Вовка припарковал койку, огляделся.

Коридор полупустой. Кучки серых людей, напоминавших больше тени, сгруппировались у дверей кабинетов. Кто-то первый заметил человека в белом халате и обратил внимание остальных. Владимир видел их бледные скорбные лица и тянущиеся к нему прозрачные руки.

«Исцели нас», — просили их потухшие, печальные взгляды. Вовка прошел дальше и остановился перед дверью с табличкой «ОМС». Отдел медицинской совести. Дверь была закрыта. Пластырем приклеена бумажка — обращаться в кабинет 39. Вовка нашел кабинет. Там толпился такой же народ. Надпись на кабинете гласила — «Платные услуги».

Пройдя мимо кабинетов «Зам по КЭР», «Зам по АХЧ», постучал в кабинет с табличкой «Заведующий» и открыл дверь. Дверь открылась неохотно: три пары женских туфель, валяющихся возле неё, мешали это сделать. Четвертая, самая стильная, примерялась хозяйкой кабинета — худощавой женщиной лет сорока с правильными чертами лица, которое можно было считать красивым, если бы не излишняя строгость во взгляде, которую Володя вначале не заметил, так как она смотрела в зеркало.

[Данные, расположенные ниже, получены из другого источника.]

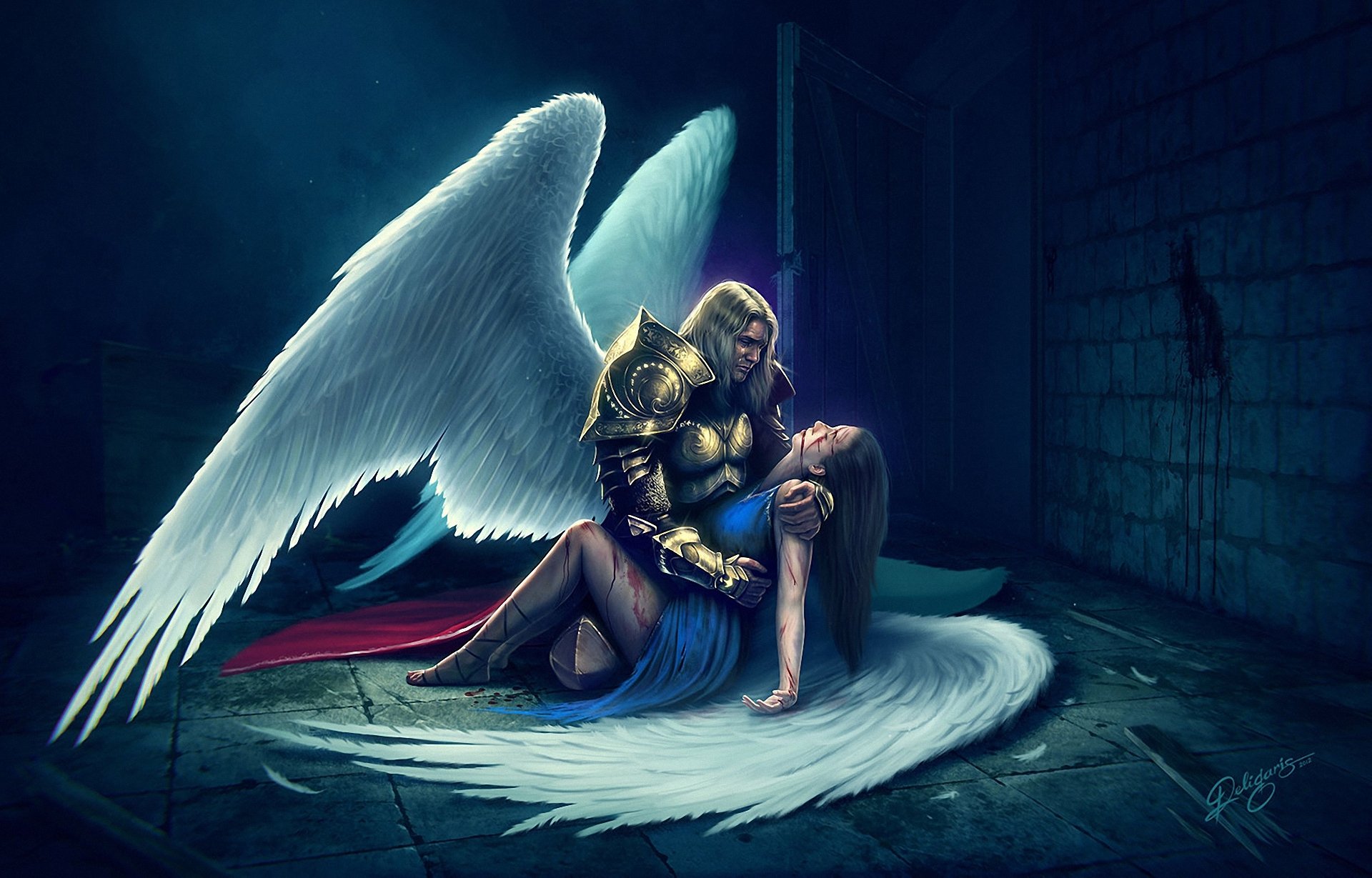 Kunst eines Mannes mit Flügeln, der ein Mädchen mit Flügeln hält
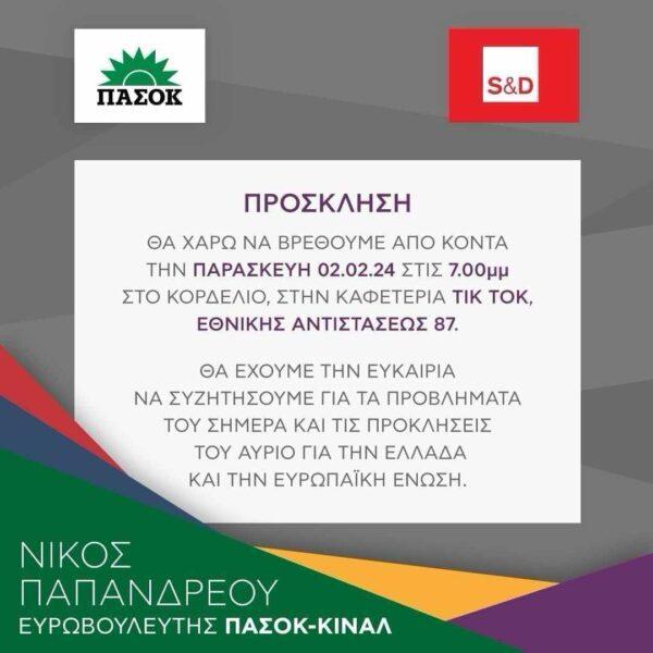 Ειδικότερα, ο ευρωβουλευτής αναμένεται να παραβρεθεί σε ανοιχτή εκδήλωση την Παρασκευή (2/2) στις 19:00 στο Κορδελιό, στην καφετέρια Τικ Τοκ που βρίσκεται στην Εθνικής Αντιστάσεως 87.
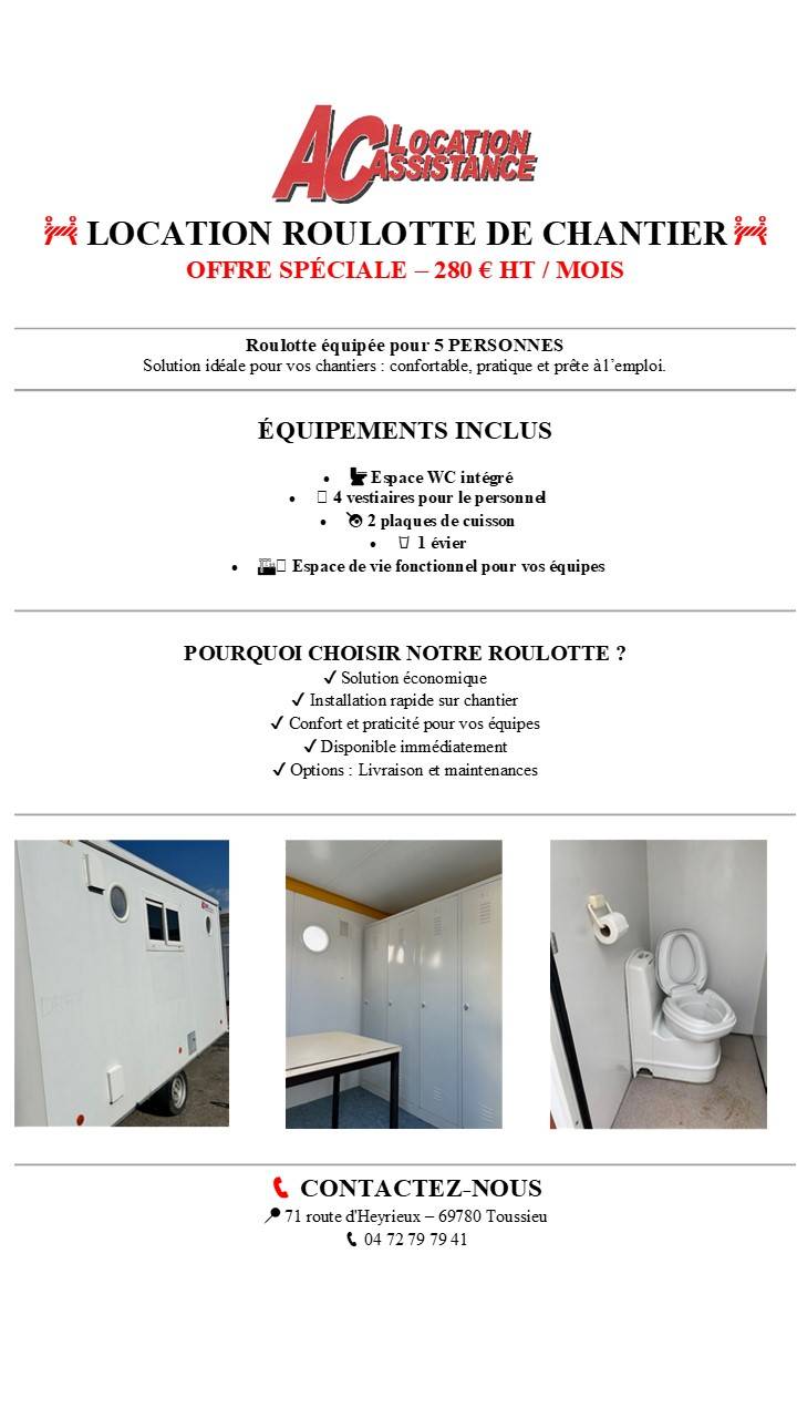 Profitez d’une offre exceptionnelle valable jusqu’au 31 mai 2026 inclus pour la location d’une roulotte de chantier à prix réduit.
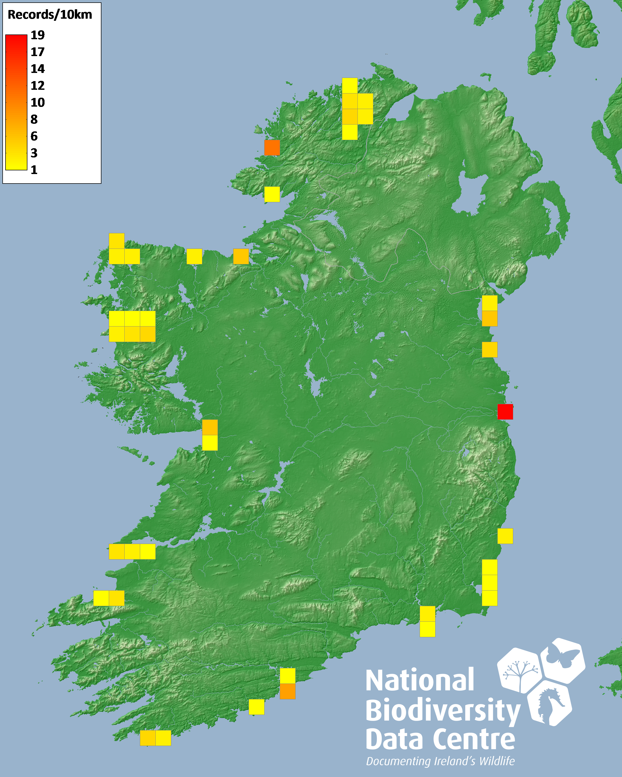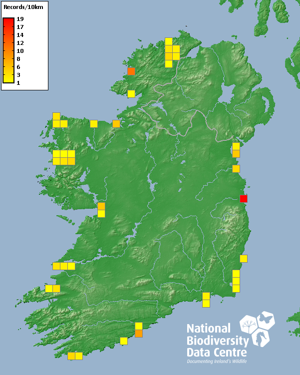Distribution of the number of records recorded within each 10km grid square (ITM).Marine Map - 50km
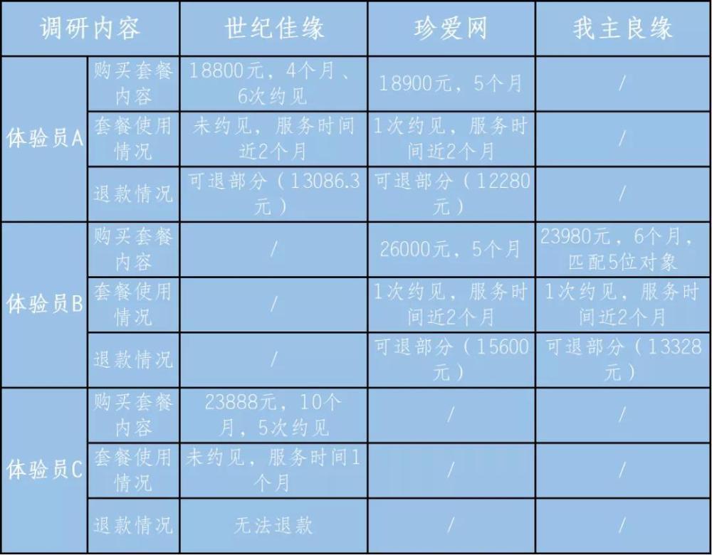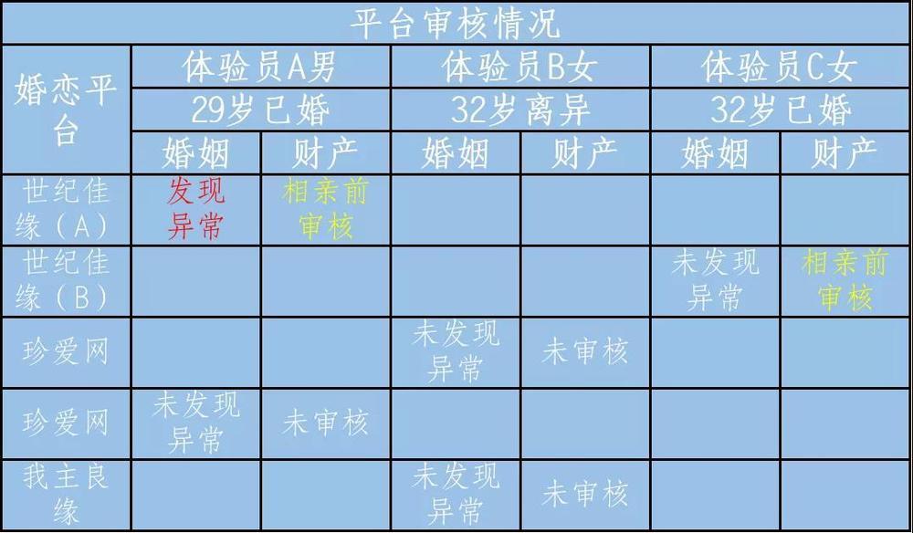 对于平台客服所说的“安全性高”这一点,体验员在门店体察时也重点关注。结果显示,珍爱网和我主良缘对于会员婚姻和财产状况并无审核,世纪佳缘不同门店对于会员婚姻的审核也不尽相同,其中,世纪佳缘A店在会员缴费后隔日查出体验员婚姻状况有异,但是B店并未查出任何不妥。
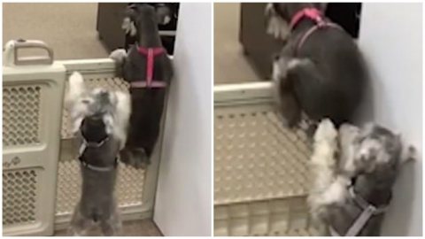 แสบจริงๆ น้องหมาช่วยกันดันหลังปีนข้ามรั้วกั้น เพื่อไปหาอาหารกิน (มีคลิป)
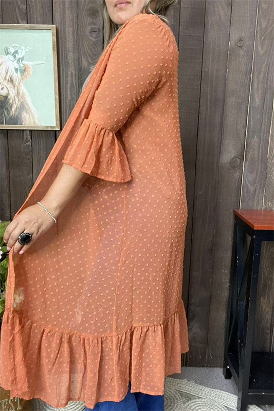 • Cardigan with Small dots w/ruffle 3/4 sleeve & bottom coral color women cardigan
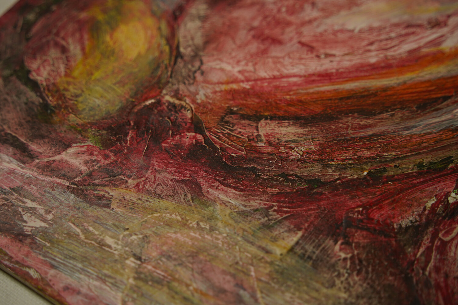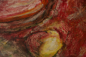 Dit werk bevindt zich op de grens van abstractie en expressionisme en herinterpreteert het traditionele stilleven door middel van rauwe, fysieke kracht. De intensiteit van de compositie komt zowel tot uiting in het levendige kleurenpalet als in de vorm.
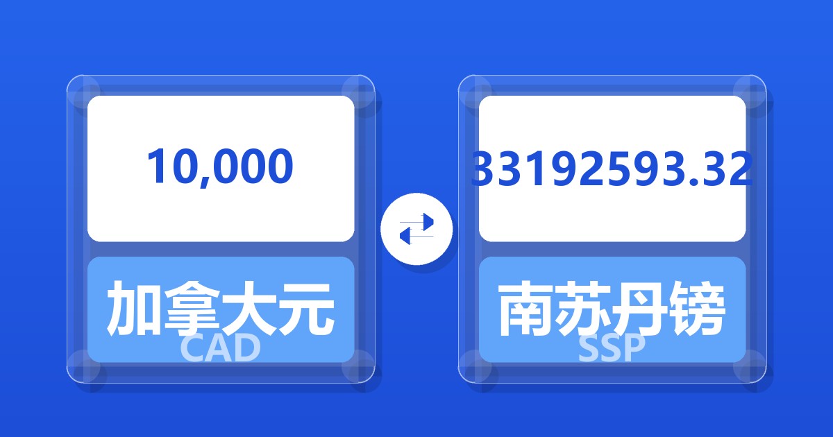 10,000 加拿大元 (CAD) = 33,126,393.44 南苏丹镑 (SSP)
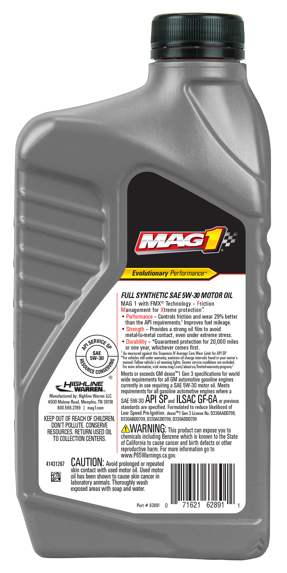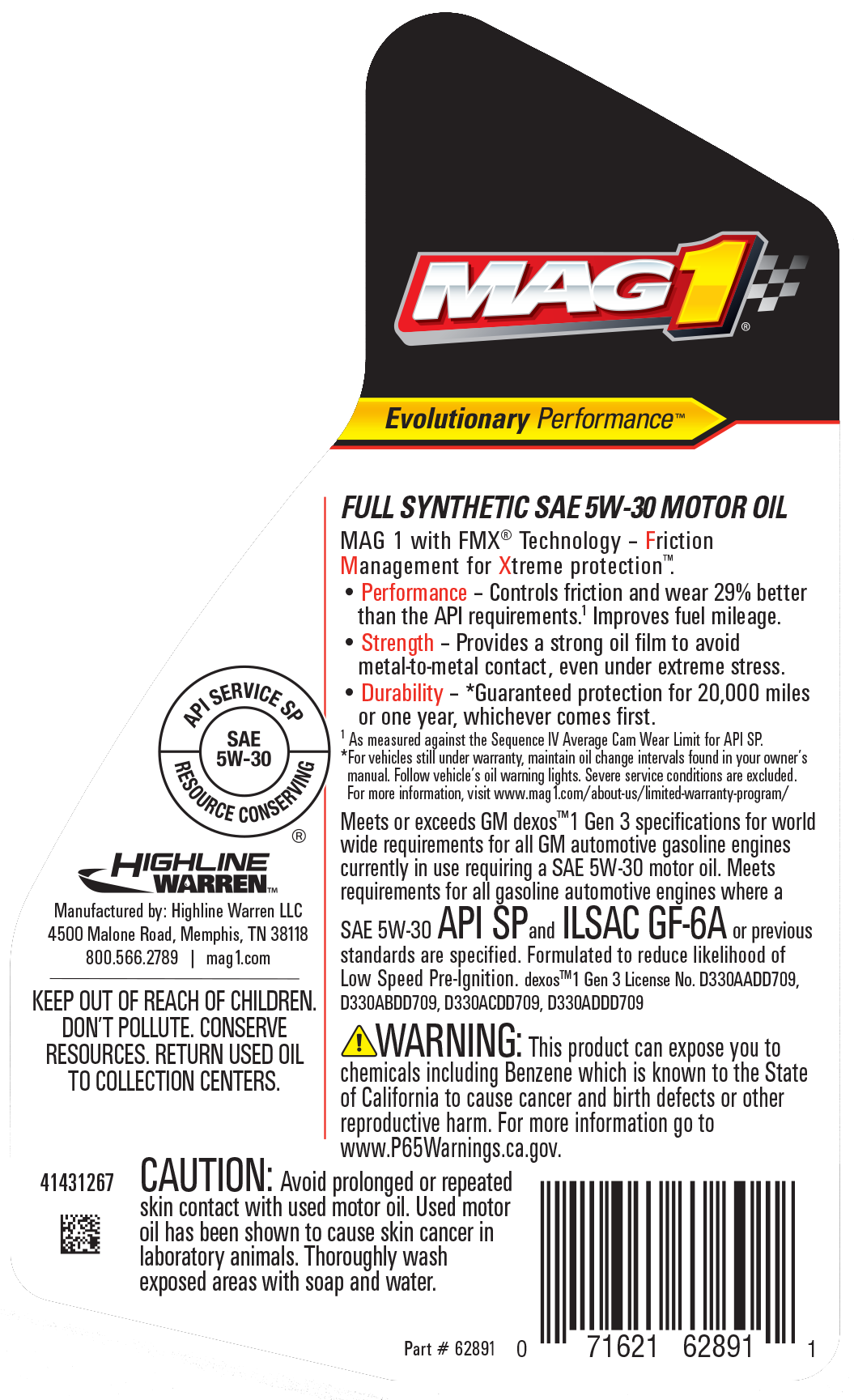 - MAG 1® Full Synthetic 5W-30 Motor Oil meet or exceed GM dexos1™ Gen 3 specifications for worldwide warranty requirements for all GM automotive gasoline engines currently in use. The oils are fully licensed by GM.
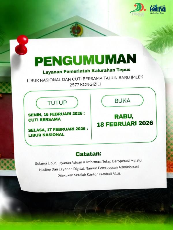 Kalurahan Tepus mengumumkan penutupan layanan pemerintahan dalam rangka Hari Raya Tahun Baru Imlek 2577 Kongizili, dengan jadwal sebagai berikut:
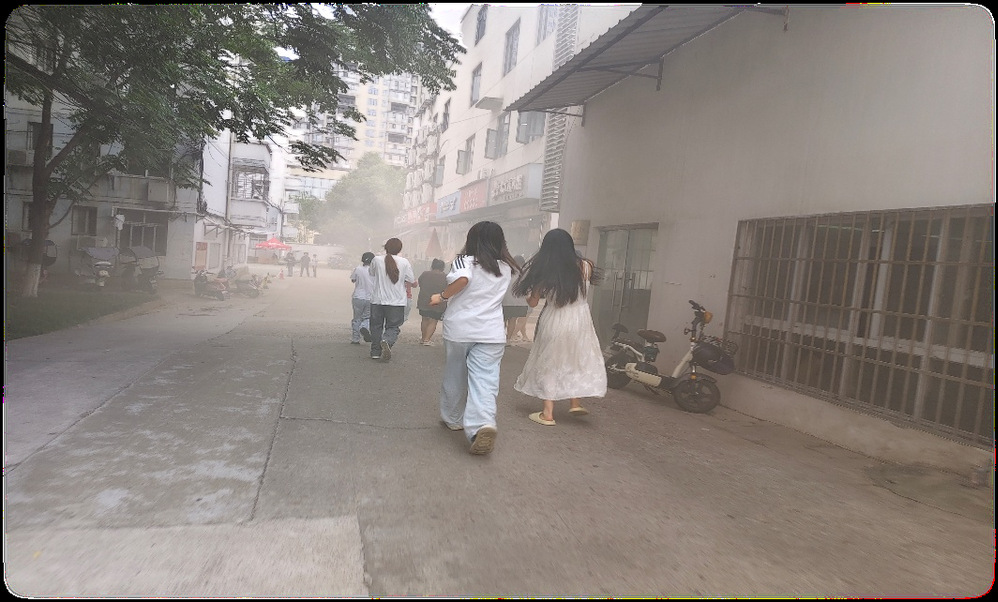 下午4点30分,演练正式启动。东三栋走廊模拟火情的橙色烟雾弹引燃,消防警报瞬间响起。各楼层安全员迅速就位,引导同学们按照既定路线和规范动作,用湿毛巾捂住口鼻,沿疏散标识低姿快速、有序撤离。
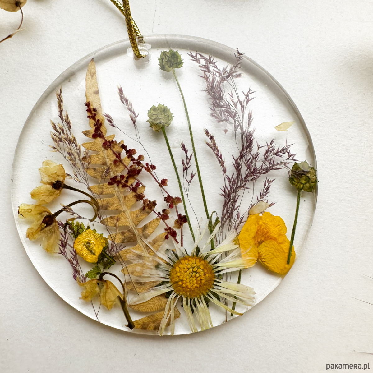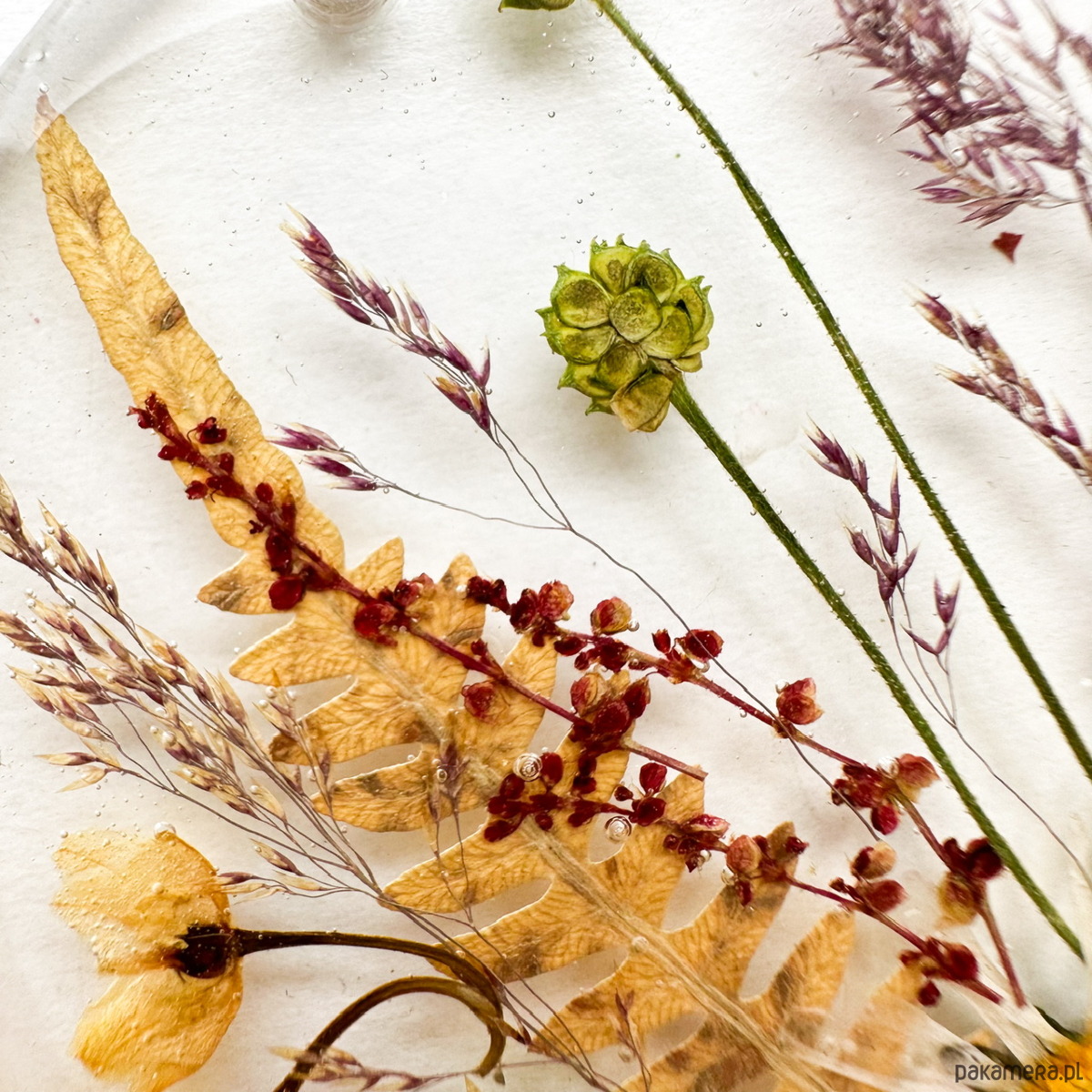 Zatopione w żywicy prawdziwe trawy, liście i rośliny łąkowe tworzą botaniczną kompozycję w stylu boho. To idealny upominek dla osób, które kochają naturę, oryginalne dodatki i unikatowy styl.

— Вероника Николаевна, — представилась она Вовке или его отражению в зеркале. Туфли на высоченной шпильке прекрасно смотрелись на стройных ногах Вероники Николаевны. Кроме туфель, на ней были черные леггинсы и короткая блузка. Белый халат висел в шкафу, показывая кусочек рукава. В углу кабинета на массивной тумбочке стояла клетка. В клетке сидел живой попугай.

— А вы наш новый хирург из стационара, можно сказать молодой специалист? Коллектив вас ждёт, я давно просила главного прислать нам специалиста, на место Виктора Семеныча, — сказала она и продолжила, — может, поликлиническая работа вам понравится? У нас компьютерный томограф новый, платные услуги, диспансеризация. Вот для диспансеризации наберите группу человек сто, пожалуйста.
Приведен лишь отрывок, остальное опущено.